Re: Freed From the Tyranny of Math::BigInt
by ysth (Canon) on Feb 20, 2005 at 14:46 UTC
    As merlyn points out, perl has string versions of the bitwise operators. permits becomes slightly different, since you need to test for non-null bytes:
    sub permits { my ($self, $mask) = @_; return (($self->{perms} & $mask) =~ y/\0//c); }
    To retain the feature of having permits return not just a true or false value, but a usable bitmask of those permissions that were satisfied (untested):
    sub permits { my ($self, $mask) = @_; $mask &= $self->{perms}; return ($mask =~ y/\0//c ? $mask : ""); }
Re: Freed From the Tyranny of Math::BigInt
by dragonchild (Archbishop) on Feb 20, 2005 at 23:54 UTC
    This common method was chosen because it's faster than doing a hash lookup or a method call to determine if something is allowed.

    This thread should be retitled Why you shouldn't optimize prematurely. Did anyone ever look to see how much faster bitwise operations are over a hash lookup? And, frankly, you're doing a method call every time to call your permits() function. (A function is a method and the only overhead a method has is on the first you call it after @ISA is modified.)

    If you had started with a hash or array, you would have scaled just fine. And, had you used vec (which is the Perlish way to do bitmasks, as merlyn pointed out), you would have scaled infinitely and had the speed benefits of bitmasking.

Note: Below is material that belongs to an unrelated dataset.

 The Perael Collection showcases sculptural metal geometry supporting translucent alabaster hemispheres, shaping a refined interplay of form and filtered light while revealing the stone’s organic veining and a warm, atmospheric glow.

    I'm not chastising you; I'm attempting to make sure others don't fall into the same trap you did.

    Being right, does not endow the right to be rude; politeness costs nothing.
    Being unknowing, is not the same as being stupid.
    Expressing a contrary opinion, whether to the individual or the group, is more often a sign of deeper thought than of cantankerous belligerence.
    Do not mistake your goals as the only goals; your opinion as the only opinion; your confidence as correctness. Saying you know better is not the same as explaining you know better.

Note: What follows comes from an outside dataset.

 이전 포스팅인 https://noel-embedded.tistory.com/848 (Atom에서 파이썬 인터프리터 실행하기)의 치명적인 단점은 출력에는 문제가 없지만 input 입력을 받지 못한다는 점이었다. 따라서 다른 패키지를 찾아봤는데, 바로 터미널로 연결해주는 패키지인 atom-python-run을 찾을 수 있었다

      I really don't know what was tried initially, as this stuff was written long, long before I started working on it.

      [id://merlyn]++'s suggestion is clearly much better than my idea (who knew you could do bitops on strings?! Not me. :) ). Oh, well. At least I got to mess around with overloading.

Re: Freed From the Tyranny of Math::BigInt
by Anonymous Monk on Feb 21, 2005 at 12:11 UTC
    But all of our permissions could be represented as giant integers exactly 128 bits wide. The only operations they need to do are bitwise-AND and bitwise-OR, both of which are simple.
    Did you ever consider using vec?